§ DIRECTIONS: Your task is to write out every line of the data exactly. Drop the pictures.

*** SUPPLIED INFORMATION ***

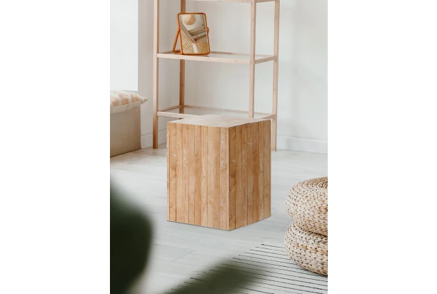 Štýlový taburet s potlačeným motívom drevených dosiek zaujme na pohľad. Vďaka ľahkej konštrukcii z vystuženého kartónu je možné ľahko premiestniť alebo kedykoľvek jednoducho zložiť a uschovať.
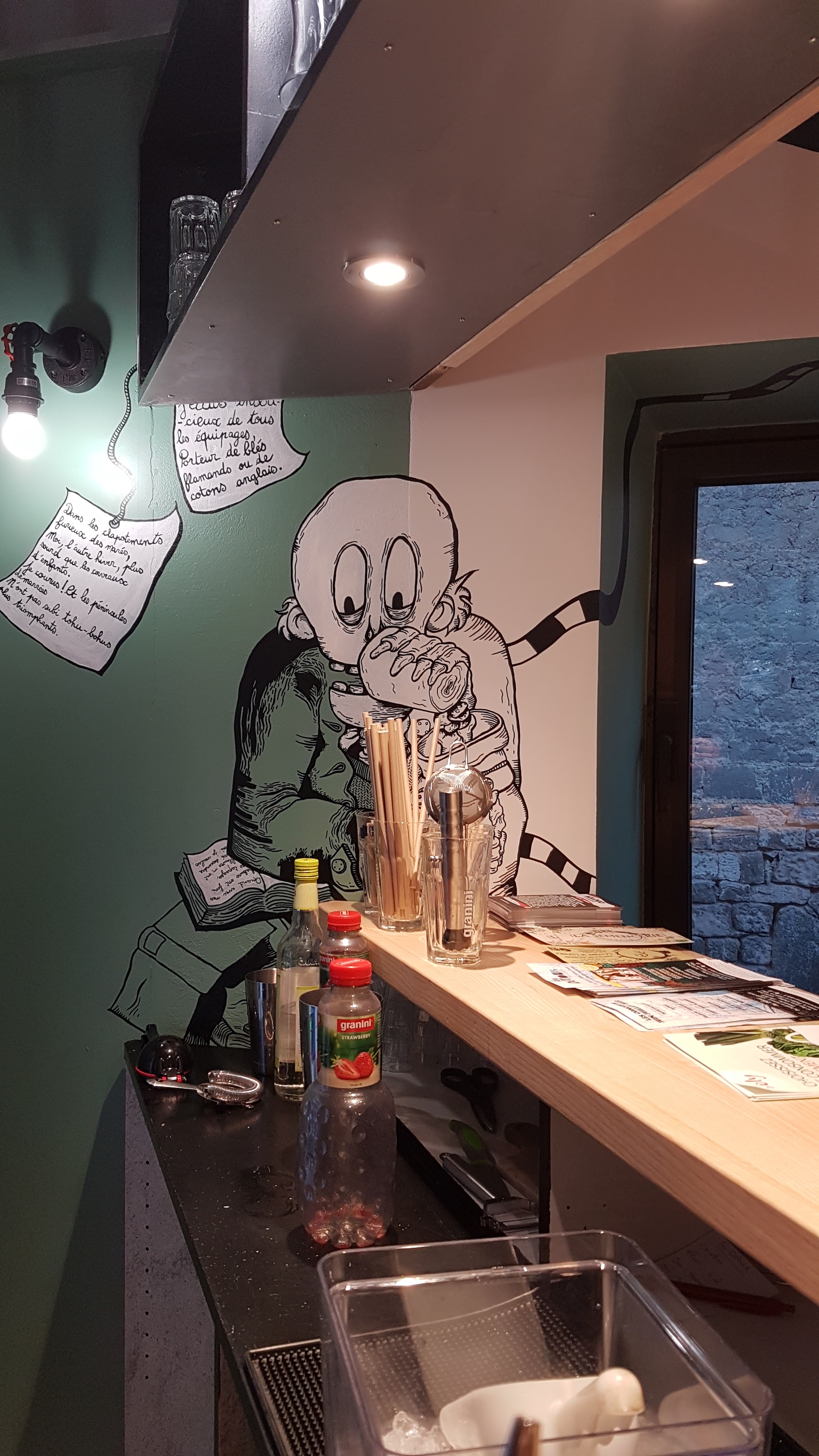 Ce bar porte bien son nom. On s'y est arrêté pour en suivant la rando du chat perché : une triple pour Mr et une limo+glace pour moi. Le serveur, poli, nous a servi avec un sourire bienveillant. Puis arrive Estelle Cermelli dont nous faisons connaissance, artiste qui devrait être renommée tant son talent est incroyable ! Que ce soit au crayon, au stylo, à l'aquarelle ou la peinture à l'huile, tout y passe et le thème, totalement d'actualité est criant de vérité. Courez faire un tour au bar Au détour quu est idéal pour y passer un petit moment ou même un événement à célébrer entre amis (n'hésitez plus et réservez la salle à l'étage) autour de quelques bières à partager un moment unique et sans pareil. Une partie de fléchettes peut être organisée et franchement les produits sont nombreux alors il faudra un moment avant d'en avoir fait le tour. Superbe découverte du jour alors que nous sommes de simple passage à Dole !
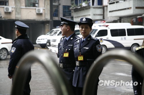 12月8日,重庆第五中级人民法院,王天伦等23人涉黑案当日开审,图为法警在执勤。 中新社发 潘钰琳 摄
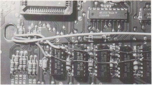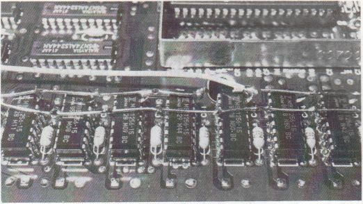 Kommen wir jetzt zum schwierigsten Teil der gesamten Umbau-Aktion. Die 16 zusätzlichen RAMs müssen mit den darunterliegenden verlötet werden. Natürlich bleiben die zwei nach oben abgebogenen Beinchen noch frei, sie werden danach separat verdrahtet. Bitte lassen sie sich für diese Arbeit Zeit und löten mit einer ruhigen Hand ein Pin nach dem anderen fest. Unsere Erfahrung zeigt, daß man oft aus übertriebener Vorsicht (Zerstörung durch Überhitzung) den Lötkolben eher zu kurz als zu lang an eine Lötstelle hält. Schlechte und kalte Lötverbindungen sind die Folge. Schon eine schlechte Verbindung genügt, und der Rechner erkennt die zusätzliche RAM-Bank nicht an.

*** End of SUPPLIED INFORMATION ***

§ WRITTEN SOLUTION:
 Štýlový taburet s potlačeným motívom drevených dosiek zaujme na pohľad. Vďaka ľahkej konštrukcii z vystuženého kartónu je možné ľahko premiestniť alebo kedykoľvek jednoducho zložiť a uschovať.
 Ce bar porte bien son nom. On s'y est arrêté pour en suivant la rando du chat perché : une triple pour Mr et une limo+glace pour moi. Le serveur, poli, nous a servi avec un sourire bienveillant. Puis arrive Estelle Cermelli dont nous faisons connaissance, artiste qui devrait être renommée tant son talent est incroyable ! Que ce soit au crayon, au stylo, à l'aquarelle ou la peinture à l'huile, tout y passe et le thème, totalement d'actualité est criant de vérité. Courez faire un tour au bar Au détour quu est idéal pour y passer un petit moment ou même un événement à célébrer entre amis (n'hésitez plus et réservez la salle à l'étage) autour de quelques bières à partager un moment unique et sans pareil. Une partie de fléchettes peut être organisée et franchement les produits sont nombreux alors il faudra un moment avant d'en avoir fait le tour. Superbe découverte du jour alors que nous sommes de simple passage à Dole !
 12月8日,重庆第五中级人民法院,王天伦等23人涉黑案当日开审,图为法警在执勤。 中新社发 潘钰琳 摄
 Kommen wir jetzt zum schwierigsten Teil der gesamten Umbau-Aktion. Die 16 zusätzlichen RAMs müssen mit den darunterliegenden verlötet werden. Natürlich bleiben die zwei nach oben abgebogenen Beinchen noch frei, sie werden danach separat verdrahtet. Bitte lassen sie sich für diese Arbeit Zeit und löten mit einer ruhigen Hand ein Pin nach dem anderen fest. Unsere Erfahrung zeigt, daß man oft aus übertriebener Vorsicht (Zerstörung durch Überhitzung) den Lötkolben eher zu kurz als zu lang an eine Lötstelle hält. Schlechte und kalte Lötverbindungen sind die Folge. Schon eine schlechte Verbindung genügt, und der Rechner erkennt die zusätzliche RAM-Bank nicht an.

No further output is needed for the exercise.